When attending a Customer Journey Mapping Workshop recently, I learned a very interesting and revealing lesson: not every touchpoint is equal and not every touchpoint has the same relevance for individual customers.
These kind of workshops outline, analyze and in the end try to optimize an exemplary customer journey of a client.
From touchpoint to touchpoint: a use case
Split in groups, we reflected on the various stages of a customer journey. In concrete terms, we worked on the customer journey of a young American woman, who aimed at getting from A to B by renting a trendy and at the same time cost-effective car. In order to achieve her goal, she used numerous touchpoints with the rental car company. This included both, touchpoints which could be influenced directly by the car enterprise, and touchpoints which could only be influenced indirectly.
At first glance the challenge of getting a rental car for your weekend trip seems to be an easy one.
Well, the emphasis here is on the term “first glance”. In my group we addressed the overall process from acquisition stage and its associated touchpoints up to the final decision on a specific rental car company.
Naturally, the company chosen paid much attention to factors like a good ranking in Google. Obviously also important to them was a well presented website and a wide-ranging vehicle fleet. But the real crucial point, the “moment that matters”, lay elsewhere.
Finding the “moment that matters“
The moment that matters might appear vanishing small and insignificant, but it results in shopping basket cancellations that every provider surely is confronted with again and again – something that could have been easily prevented.
As this process lacks one fundamental matter: transparency.
When the young woman in our example had chosen a vehicle, she was asked to fill in a form with her personal data, as is usual. After the confirmation of the entered data, she was requested to download an app and enter her data again before being able to complete the transaction.
The emotions this request evoked in her are easy to guess:
Astonishment, impatience, doubt and absolute incomprehension, why for heaven’s sake she would have to download the app and, even worse, enter all her personal data again.
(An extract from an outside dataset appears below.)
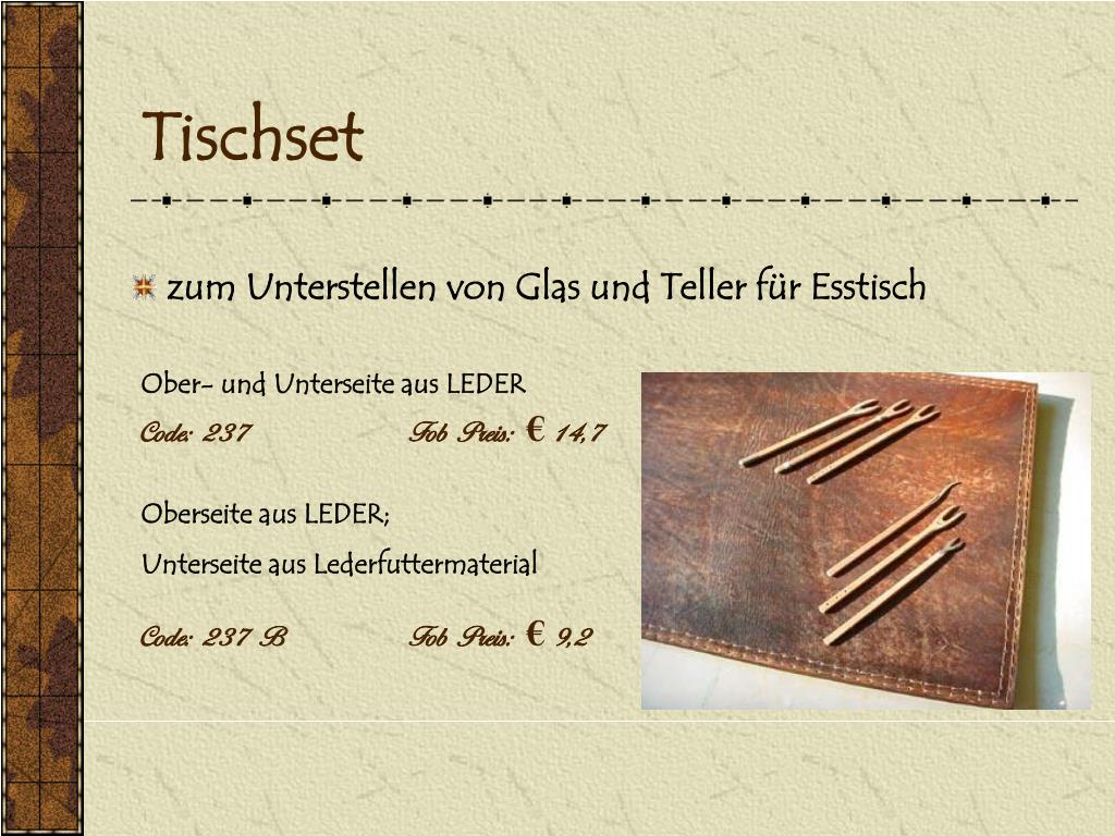 Tischset • zum Unterstellen von Glas und Teller für Esstisch Ober- und Unterseite aus LEDER Code: 237 Fob Preis: €14,7 Oberseite aus LEDER; Unterseite aus Lederfuttermaterial Code: 237 B Fob Preis: €9,2

All the emotions described do not bode well and surely do not contribute to a customer’s buying decision, nor to his recommendation of a service or product.
Yet, a clear reference to the app at the very beginning of the buying process or a brief step-by-step guide could have done wonders.
You are still waiting for the answer to my findings?
Well, sometimes it’s the small and seemingly unimportant things, such as a reference to the process flow of an online order (i.e. transparency), which can make the difference.